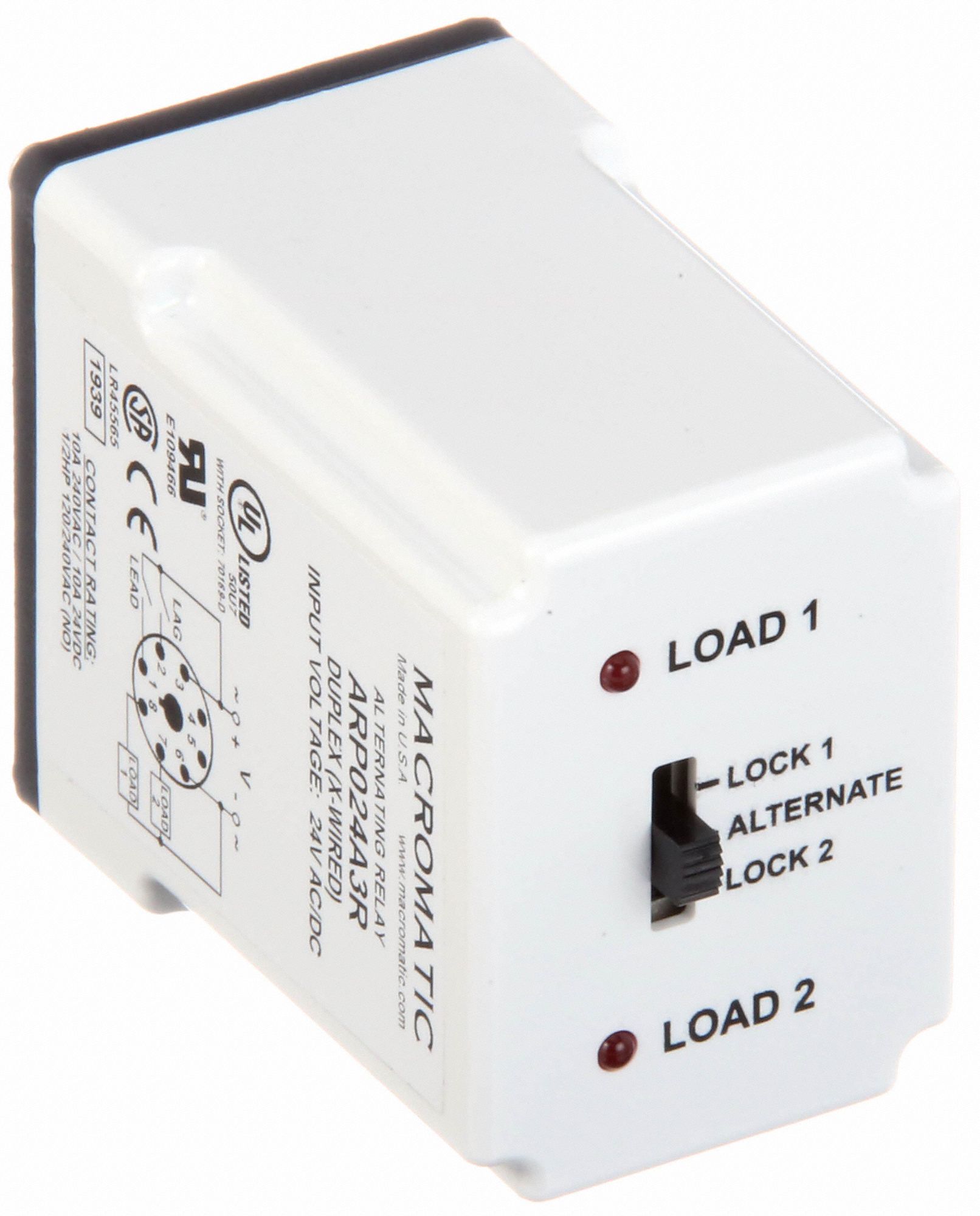 PDF December 2020, Rev D 901-0000-323 - Macromatic Normally this means a jumper wire was placed between pins 1 & 2. Whenever the LEAD switch is closed, voltage is then brought to Pin 2, which mimics the closure of the LAG switch and turns on Load 2. Remove the jumper wire between pins 1 & 2. Connect the LEAD and LAG switches as shown on the wiring diagrams above. Catalog Number ARF012A3R ARF024A3R
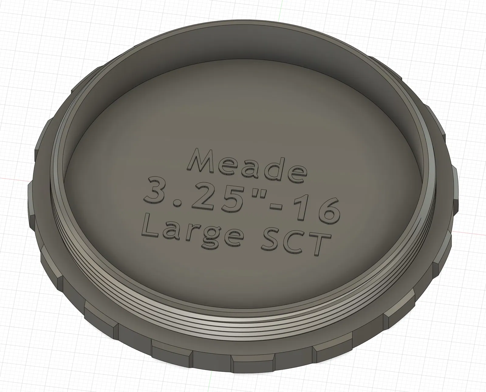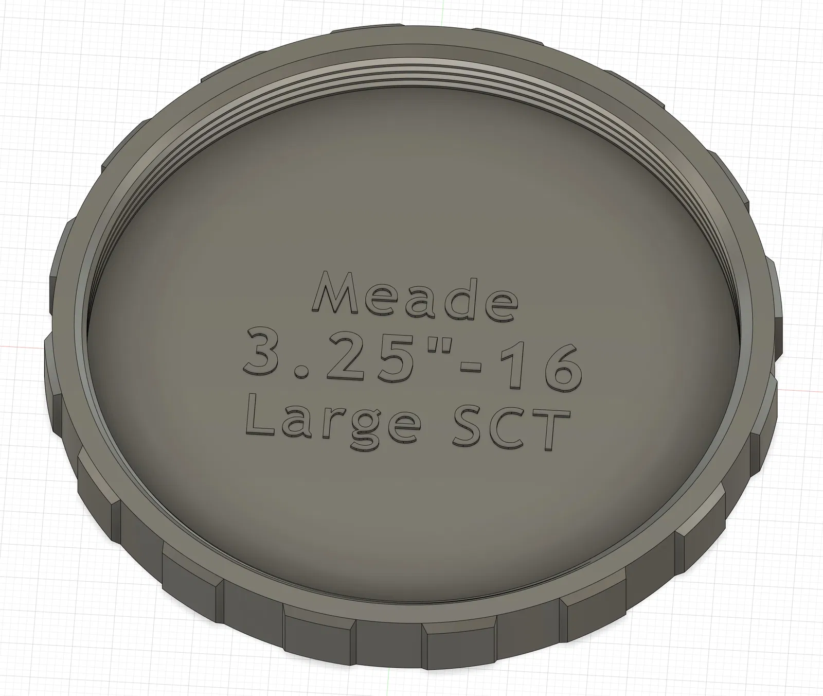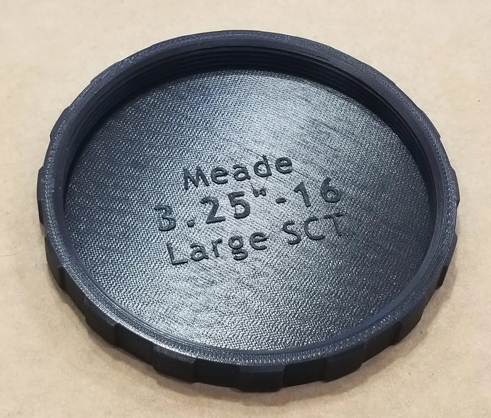 Nắp che bụi ren Meade 3.25"-16, có cả loại đực và cái, dành cho các kính thiên văn Schmidt-Cassegrain (SCT) lớn của Meade (từ 12" trở lên). Kích thước ren 3.25"-16tpi, tương tự ren Celestron. Nên in bằng PLA+ để ren khớp tốt hơn. Có thể điều chỉnh kích thước in +/- 0.5% cho vừa vặn.
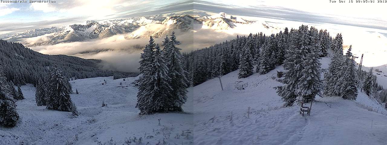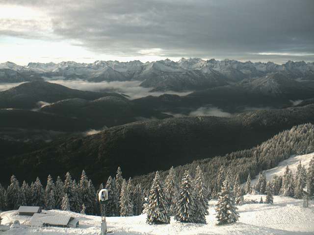 In het Spitzingseegebied, van het bergstation van de Taubensteinbaan (ca. 1500 m), uitzicht richting zuidwesten naar het Karwendel en de Guffert
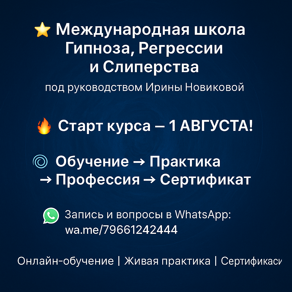 Международная школа № 1 Гипноза,Регрессии и Слиперства Ирины Новиковой.
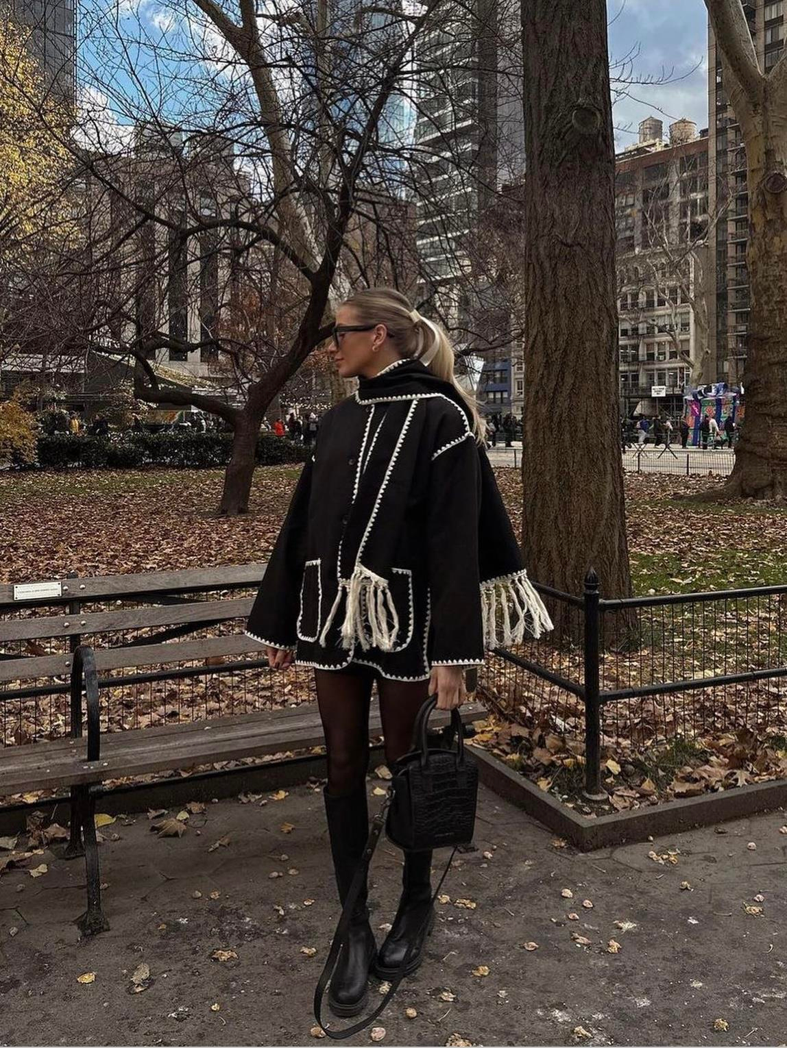 Nakışlı atkı detaylı siyah beyaz kaban.

* * * * * * *

INSTRUCTIONS TO FOLLOW:
Leave the pictures out and copy exactly the lines from the one that holds "Nắp che bụi" through the last line of the material.

RESULT OF THIS TASK:
 Nắp che bụi ren Meade 3.25"-16, có cả loại đực và cái, dành cho các kính thiên văn Schmidt-Cassegrain (SCT) lớn của Meade (từ 12" trở lên). Kích thước ren 3.25"-16tpi, tương tự ren Celestron. Nên in bằng PLA+ để ren khớp tốt hơn. Có thể điều chỉnh kích thước in +/- 0.5% cho vừa vặn.
 In het Spitzingseegebied, van het bergstation van de Taubensteinbaan (ca. 1500 m), uitzicht richting zuidwesten naar het Karwendel en de Guffert
 Международная школа № 1 Гипноза,Регрессии и Слиперства Ирины Новиковой.
 Nakışlı atkı detaylı siyah beyaz kaban.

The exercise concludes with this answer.